:: Records supplied

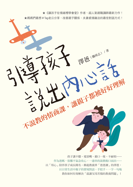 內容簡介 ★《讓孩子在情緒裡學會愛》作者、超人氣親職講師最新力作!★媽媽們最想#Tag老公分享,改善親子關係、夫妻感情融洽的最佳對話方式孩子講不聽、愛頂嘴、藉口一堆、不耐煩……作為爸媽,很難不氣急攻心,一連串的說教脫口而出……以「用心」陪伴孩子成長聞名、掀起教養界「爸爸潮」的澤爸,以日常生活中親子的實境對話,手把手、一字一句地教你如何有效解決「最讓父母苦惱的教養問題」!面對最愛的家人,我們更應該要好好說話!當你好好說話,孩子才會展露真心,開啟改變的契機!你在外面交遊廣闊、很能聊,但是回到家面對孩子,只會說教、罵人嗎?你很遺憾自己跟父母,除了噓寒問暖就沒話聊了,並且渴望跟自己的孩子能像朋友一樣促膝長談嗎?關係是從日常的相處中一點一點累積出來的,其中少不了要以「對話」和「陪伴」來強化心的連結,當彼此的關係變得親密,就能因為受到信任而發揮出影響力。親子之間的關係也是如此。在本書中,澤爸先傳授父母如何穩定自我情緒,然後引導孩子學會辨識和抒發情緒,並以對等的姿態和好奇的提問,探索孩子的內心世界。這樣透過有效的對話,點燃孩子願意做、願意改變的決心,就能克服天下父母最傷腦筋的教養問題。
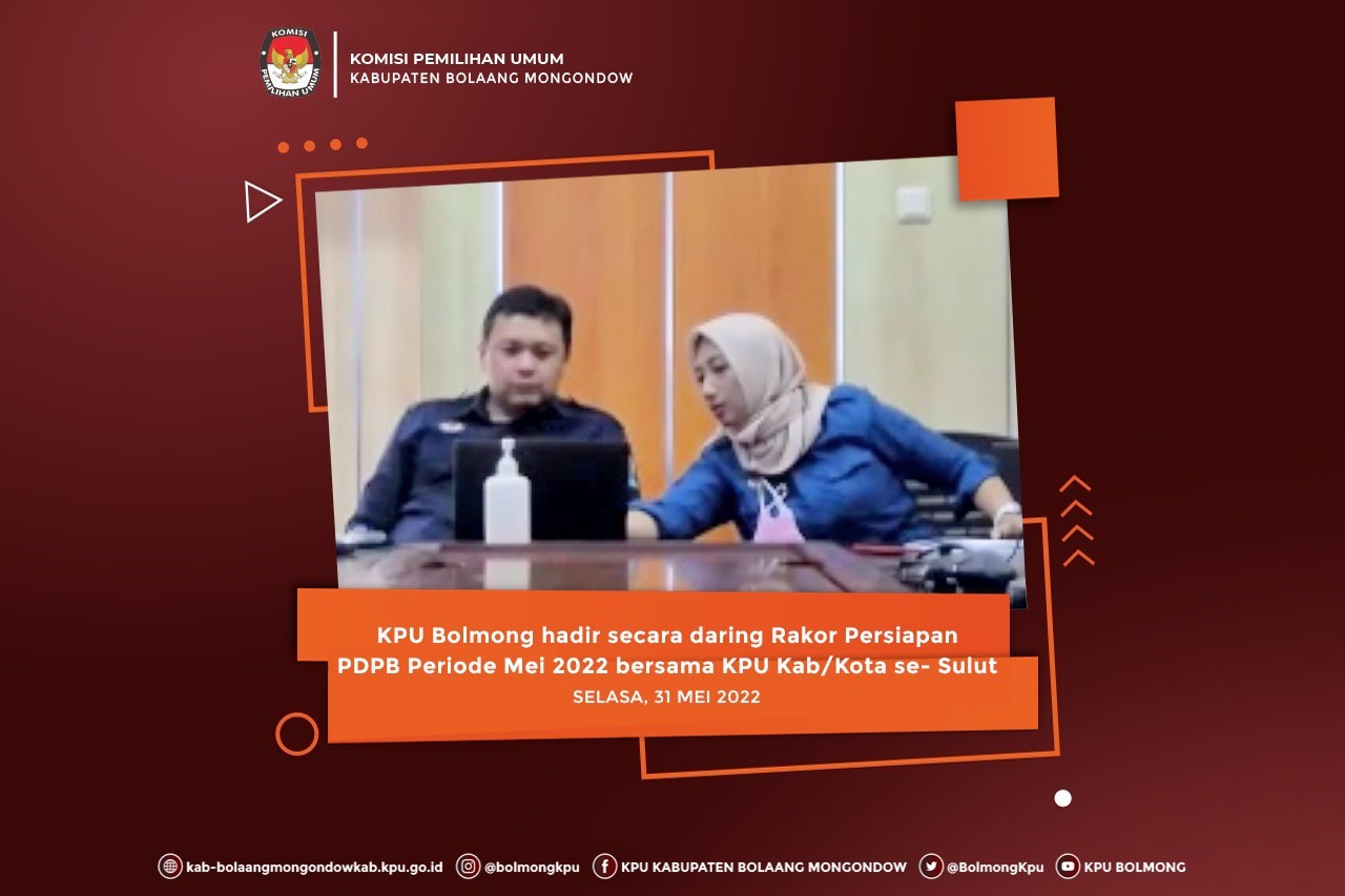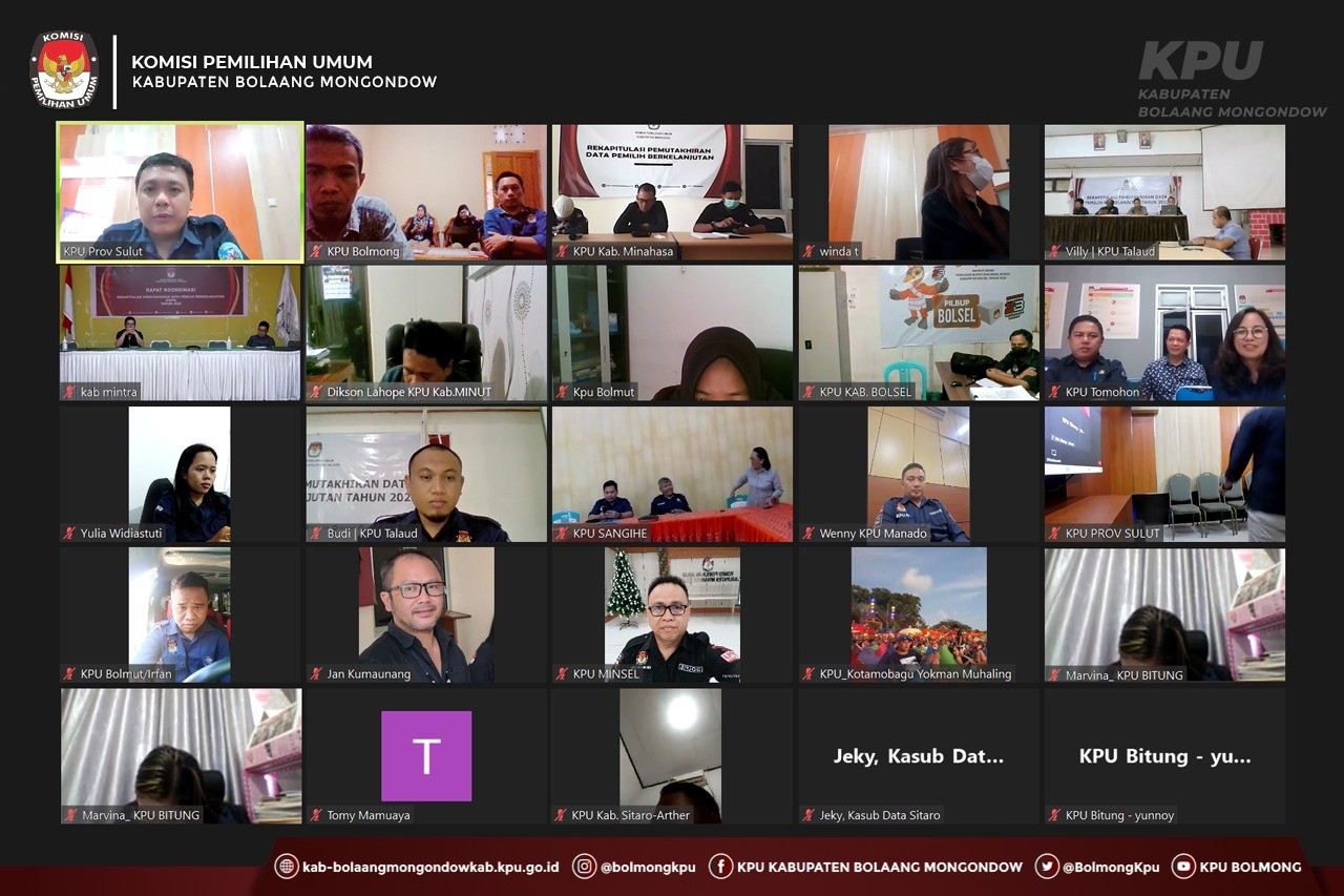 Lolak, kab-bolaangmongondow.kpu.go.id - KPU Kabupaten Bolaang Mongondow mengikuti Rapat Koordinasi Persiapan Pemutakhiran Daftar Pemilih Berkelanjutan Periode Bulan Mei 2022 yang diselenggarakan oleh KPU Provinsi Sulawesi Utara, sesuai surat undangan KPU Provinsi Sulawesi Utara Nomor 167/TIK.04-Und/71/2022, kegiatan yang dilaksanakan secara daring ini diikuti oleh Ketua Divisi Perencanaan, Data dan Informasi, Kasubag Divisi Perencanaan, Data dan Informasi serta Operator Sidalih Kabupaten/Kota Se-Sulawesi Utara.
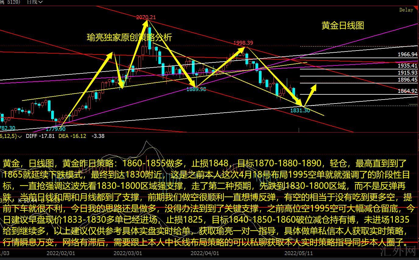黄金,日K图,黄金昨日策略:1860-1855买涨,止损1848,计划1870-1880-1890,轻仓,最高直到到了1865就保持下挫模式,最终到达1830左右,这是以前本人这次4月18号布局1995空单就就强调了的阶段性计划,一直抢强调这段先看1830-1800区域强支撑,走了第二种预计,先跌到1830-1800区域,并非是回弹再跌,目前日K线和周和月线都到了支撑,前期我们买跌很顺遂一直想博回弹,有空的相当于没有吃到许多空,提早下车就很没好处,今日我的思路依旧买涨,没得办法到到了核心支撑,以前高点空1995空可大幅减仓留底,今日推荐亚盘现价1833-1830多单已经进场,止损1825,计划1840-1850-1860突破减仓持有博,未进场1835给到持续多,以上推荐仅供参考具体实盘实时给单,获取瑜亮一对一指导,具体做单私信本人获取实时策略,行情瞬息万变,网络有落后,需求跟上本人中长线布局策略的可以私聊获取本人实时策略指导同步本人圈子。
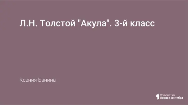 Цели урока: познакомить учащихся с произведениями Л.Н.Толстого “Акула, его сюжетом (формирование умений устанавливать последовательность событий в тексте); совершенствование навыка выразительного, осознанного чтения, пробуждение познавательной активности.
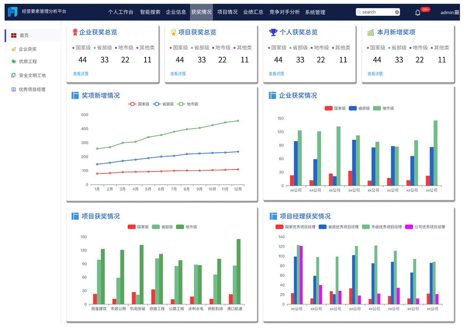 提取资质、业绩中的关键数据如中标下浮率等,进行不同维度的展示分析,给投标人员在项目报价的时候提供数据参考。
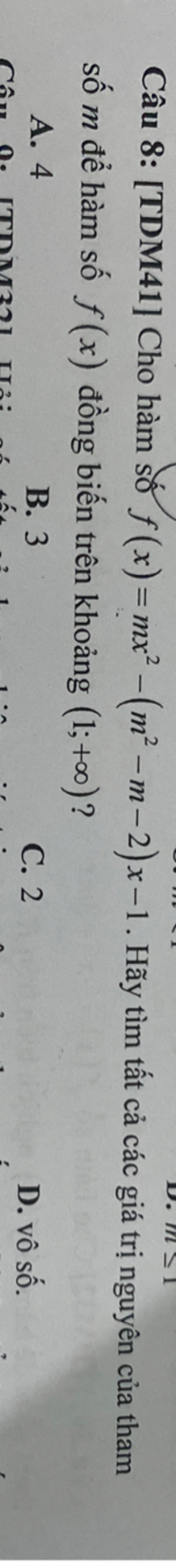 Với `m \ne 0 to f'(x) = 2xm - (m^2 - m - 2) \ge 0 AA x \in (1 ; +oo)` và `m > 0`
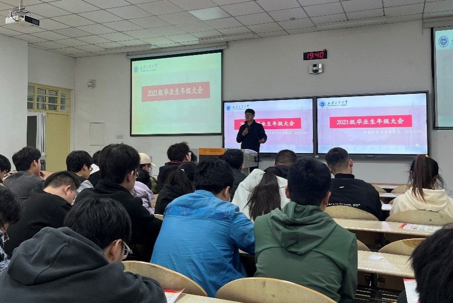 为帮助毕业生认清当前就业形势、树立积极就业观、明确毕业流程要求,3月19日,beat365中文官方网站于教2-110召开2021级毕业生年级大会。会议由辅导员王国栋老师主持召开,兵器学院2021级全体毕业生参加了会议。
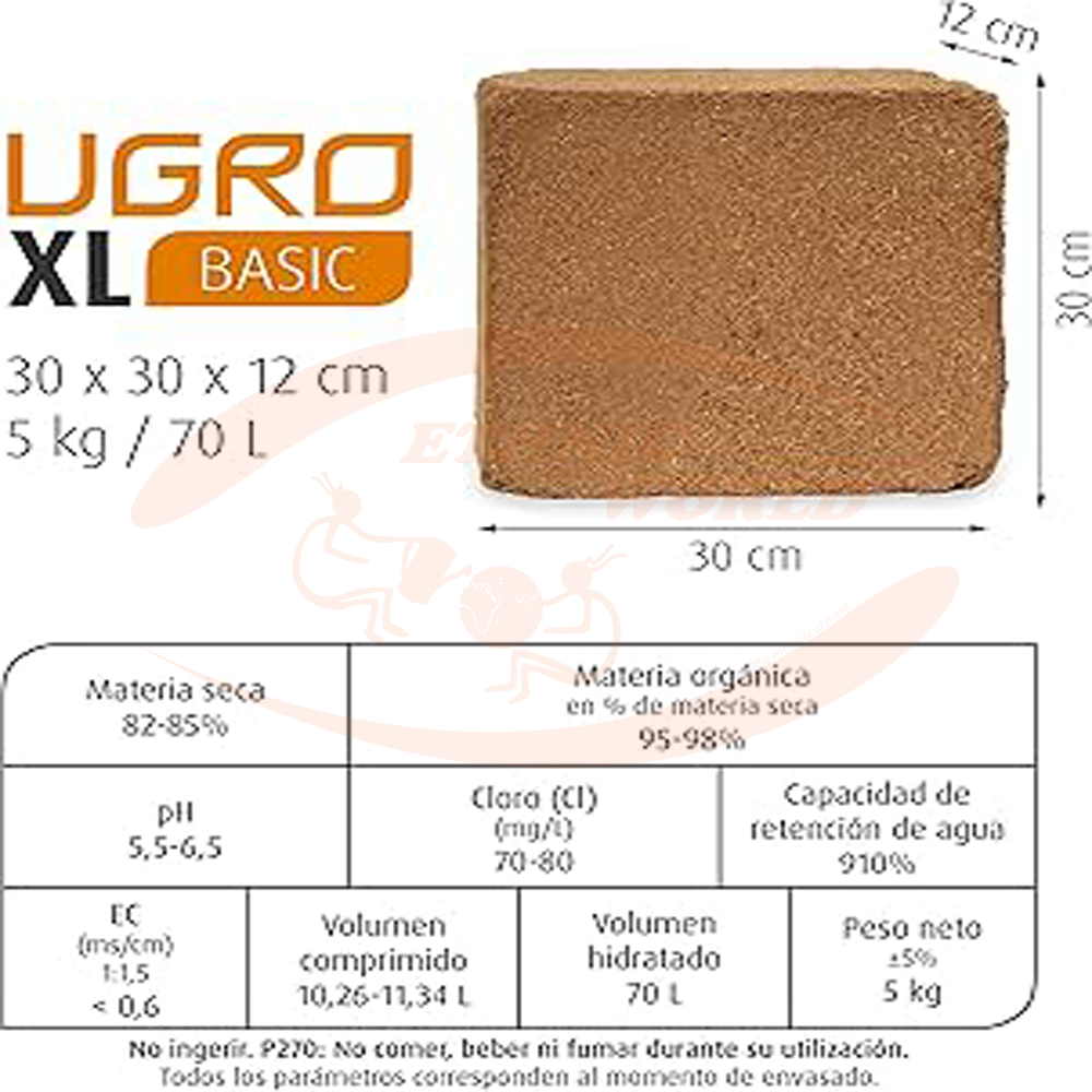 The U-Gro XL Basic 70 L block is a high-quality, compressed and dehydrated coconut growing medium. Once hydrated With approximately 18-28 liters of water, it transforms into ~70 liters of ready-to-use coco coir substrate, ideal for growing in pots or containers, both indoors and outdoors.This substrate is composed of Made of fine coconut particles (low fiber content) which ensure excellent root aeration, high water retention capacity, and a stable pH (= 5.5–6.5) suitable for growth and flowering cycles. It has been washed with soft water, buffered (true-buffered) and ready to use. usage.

::::

Action item. Leave the pictures out, and please copy only the lines from the one with "Lolak, kab-bolaangmongondow.kpu.go.id - KPU" through the end of the listing.

Problem solution.
 Lolak, kab-bolaangmongondow.kpu.go.id - KPU Kabupaten Bolaang Mongondow mengikuti Rapat Koordinasi Persiapan Pemutakhiran Daftar Pemilih Berkelanjutan Periode Bulan Mei 2022 yang diselenggarakan oleh KPU Provinsi Sulawesi Utara, sesuai surat undangan KPU Provinsi Sulawesi Utara Nomor 167/TIK.04-Und/71/2022, kegiatan yang dilaksanakan secara daring ini diikuti oleh Ketua Divisi Perencanaan, Data dan Informasi, Kasubag Divisi Perencanaan, Data dan Informasi serta Operator Sidalih Kabupaten/Kota Se-Sulawesi Utara.
黄金,日K图,黄金昨日策略:1860-1855买涨,止损1848,计划1870-1880-1890,轻仓,最高直到到了1865就保持下挫模式,最终到达1830左右,这是以前本人这次4月18号布局1995空单就就强调了的阶段性计划,一直抢强调这段先看1830-1800区域强支撑,走了第二种预计,先跌到1830-1800区域,并非是回弹再跌,目前日K线和周和月线都到了支撑,前期我们买跌很顺遂一直想博回弹,有空的相当于没有吃到许多空,提早下车就很没好处,今日我的思路依旧买涨,没得办法到到了核心支撑,以前高点空1995空可大幅减仓留底,今日推荐亚盘现价1833-1830多单已经进场,止损1825,计划1840-1850-1860突破减仓持有博,未进场1835给到持续多,以上推荐仅供参考具体实盘实时给单,获取瑜亮一对一指导,具体做单私信本人获取实时策略,行情瞬息万变,网络有落后,需求跟上本人中长线布局策略的可以私聊获取本人实时策略指导同步本人圈子。
 Цели урока: познакомить учащихся с произведениями Л.Н.Толстого “Акула, его сюжетом (формирование умений устанавливать последовательность событий в тексте); совершенствование навыка выразительного, осознанного чтения, пробуждение познавательной активности.
 提取资质、业绩中的关键数据如中标下浮率等,进行不同维度的展示分析,给投标人员在项目报价的时候提供数据参考。
 Với `m \ne 0 to f'(x) = 2xm - (m^2 - m - 2) \ge 0 AA x \in (1 ; +oo)` và `m > 0`
 为帮助毕业生认清当前就业形势、树立积极就业观、明确毕业流程要求,3月19日,beat365中文官方网站于教2-110召开2021级毕业生年级大会。会议由辅导员王国栋老师主持召开,兵器学院2021级全体毕业生参加了会议。
 The U-Gro XL Basic 70 L block is a high-quality, compressed and dehydrated coconut growing medium. Once hydrated With approximately 18-28 liters of water, it transforms into ~70 liters of ready-to-use coco coir substrate, ideal for growing in pots or containers, both indoors and outdoors.This substrate is composed of Made of fine coconut particles (low fiber content) which ensure excellent root aeration, high water retention capacity, and a stable pH (= 5.5–6.5) suitable for growth and flowering cycles. It has been washed with soft water, buffered (true-buffered) and ready to use. usage.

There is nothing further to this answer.